*YOUR ASSIGNMENT:* From the line that contains "Crystal music box" down to the final line below, please repeat each line exactly and nothing more, with no pictures.

*** Opening of COLLECTED DATA ***

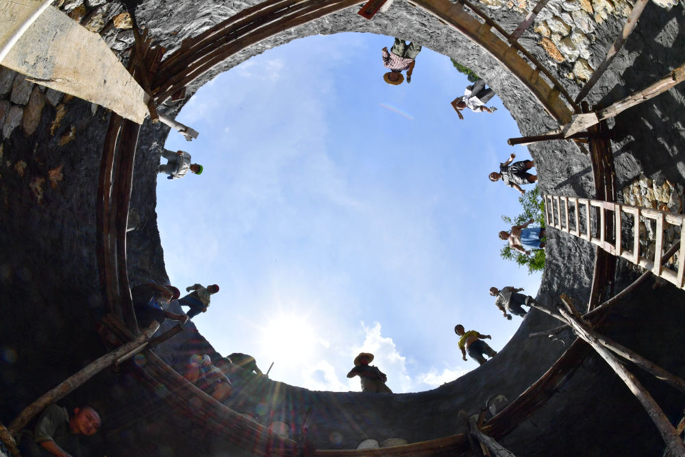 ↑2017年9月2日,在廣西大化瑤族自治縣板升鄉(xiāng)弄勇村,人們在修建家庭水柜。廣西因地制宜,加快實(shí)施農(nóng)村飲水安全鞏固提升工程。采取新建、擴(kuò)建及管網(wǎng)延伸等多種措施,補(bǔ)齊貧困地區(qū)水利薄弱短板,進(jìn)一步提升石漠化地區(qū)群眾飲水安全保障水平。
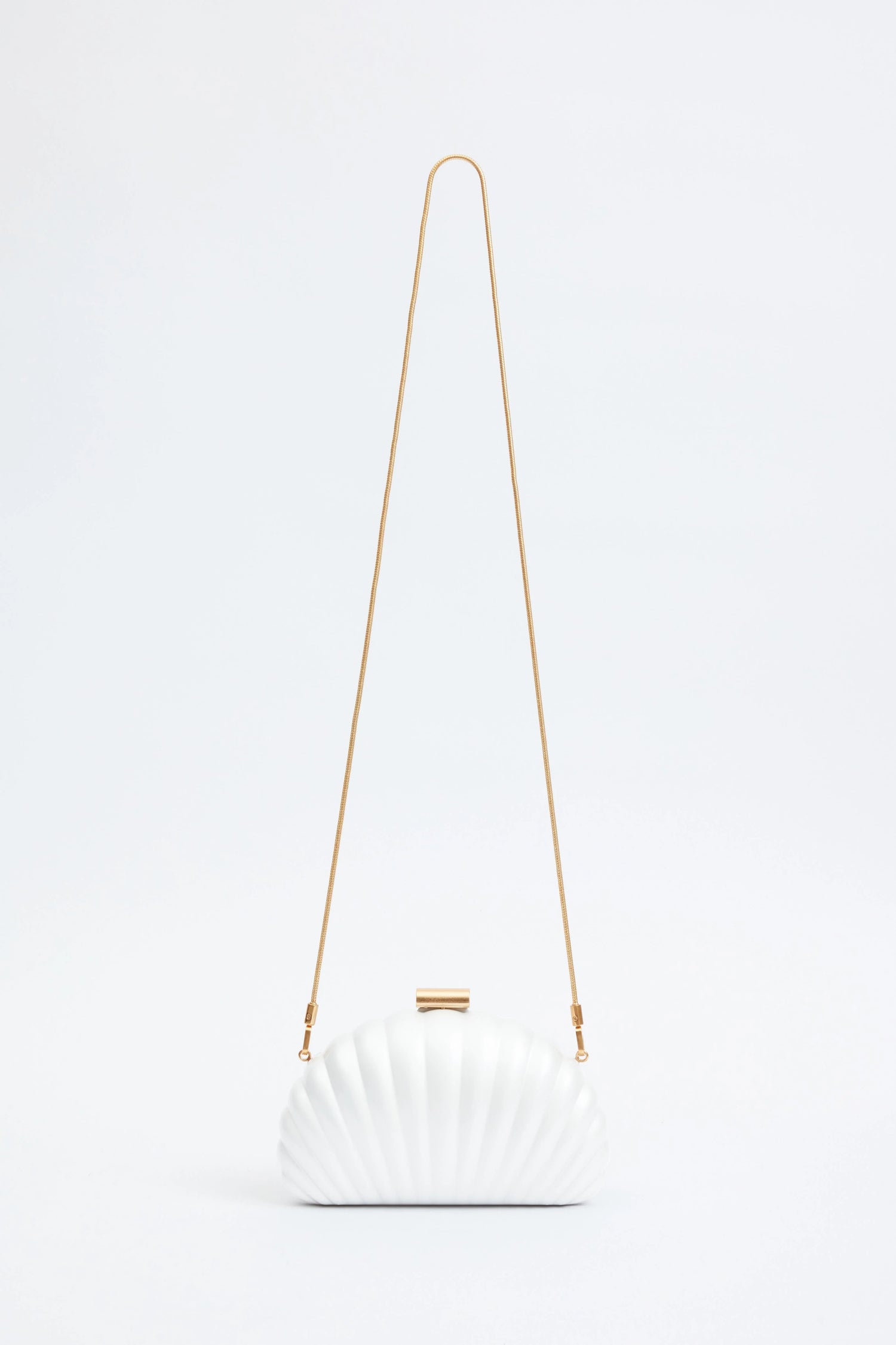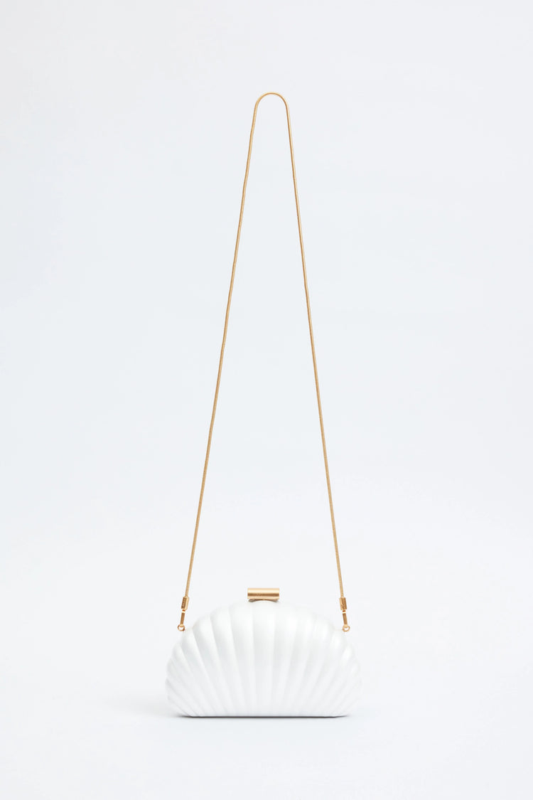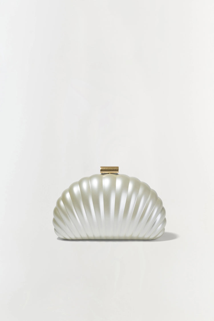 The Monet Clutch in Ivory. Featuring a chic shell silhouette and a subtle pearlescent finish, it’s the perfect accessory for both day and evening looks.
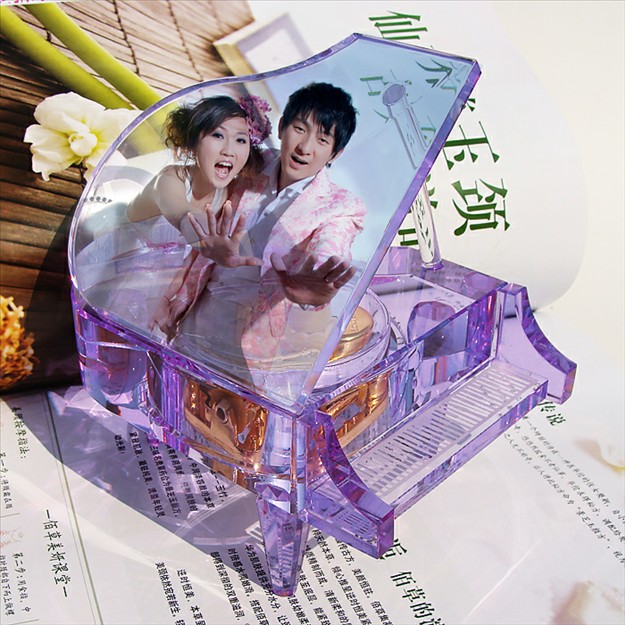 Crystal music box piano model rhyme movement music box can do photo lettering birthday gift
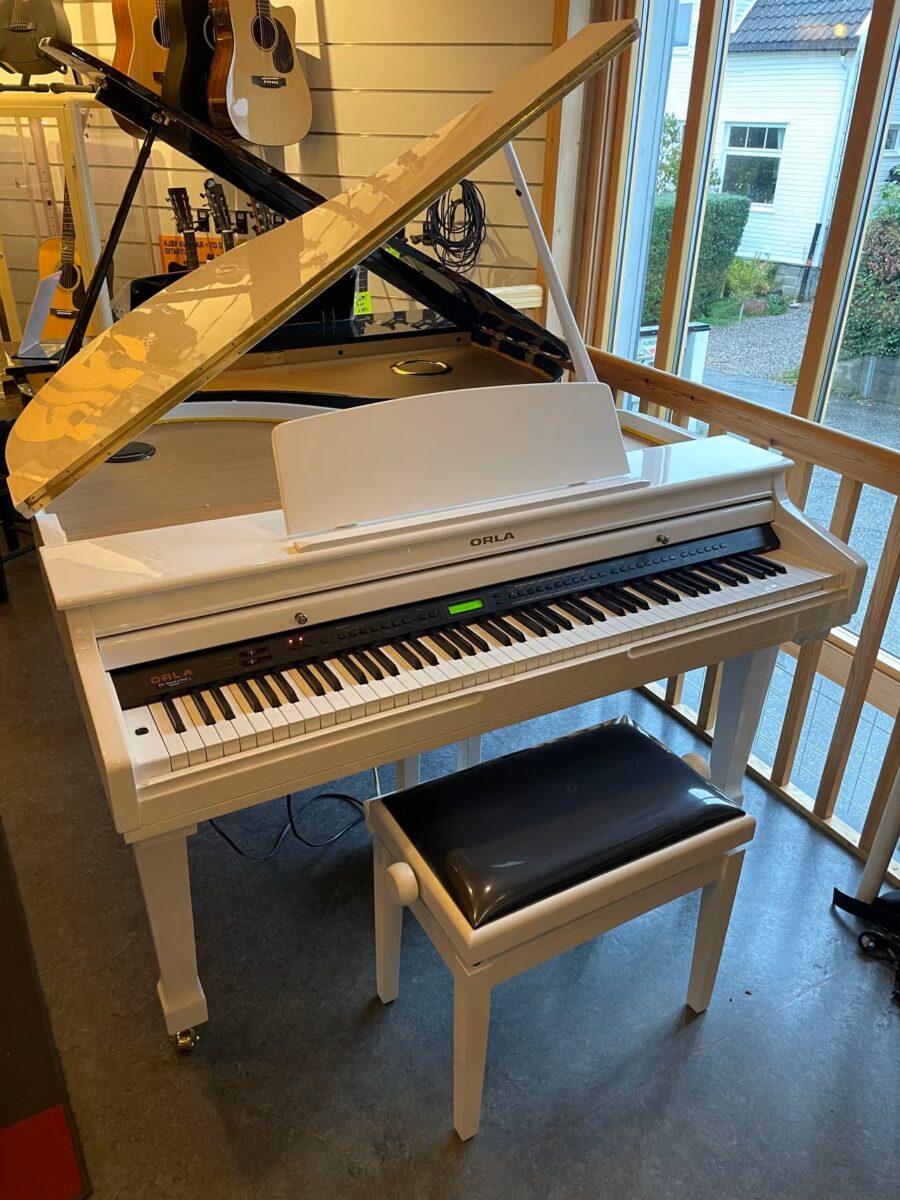 Vi har tatt inbytte på et pent brukt Orla Grand 310 digitalflygel. Instrumentet er gått gjennom hos oss og fremstår i god stand. Noen små merker og riper er det.

*** Close of COLLECTED DATA ***

*EXERCISE SOLUTION:*
 Crystal music box piano model rhyme movement music box can do photo lettering birthday gift
 Vi har tatt inbytte på et pent brukt Orla Grand 310 digitalflygel. Instrumentet er gått gjennom hos oss og fremstår i god stand. Noen små merker og riper er det.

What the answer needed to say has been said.